With packing, samples can overlap across the boundaries of each chunk, but in practice this doesn’t matter too much if most of the samples are much smaller than the chunk size.

However, for the reasoning traces we distilled from R1, we wondered whether packing could hurt performance because many traces are long and the fraction of clipped answers could be high. This means it may be difficult to train the model to attend to long context information, particularly when the question and answer have been packed into different chunks.

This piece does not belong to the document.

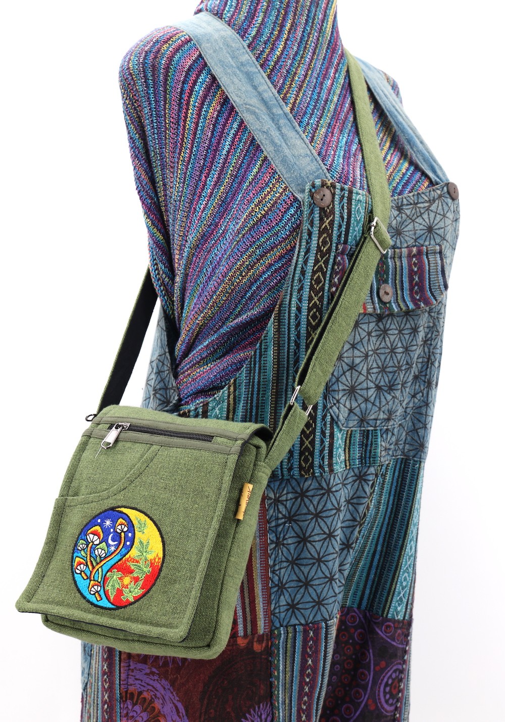 The beautiful Hand-Woven Cotton Travel bag is hand made in Nepal with pure 100% organic Himalaya Cotton. This modern Mushroom Embroidery Cotton passport bag is supremely versatile and fashionable. This bag features are it has two compartments with zippers and it has adjustable strap with outside two pockets in the front and in the main pocket above with a zipper. It is a fair trade made product.

As shown in the striking figure below, we found that packing substantially hurts the model’s performance: with packing, the model is barely able to solve problems from LiveCodebench, but without packing, the performance improves over several epochs before plateauing out:

image/png

We suspect this stark difference is accentuated by the fact that our training sets only consist of C++ solutions, while LiveCodeBench only evaluates performance on Python. Nevertheless, we found that across all datasets we ablated, packing was consistently worse.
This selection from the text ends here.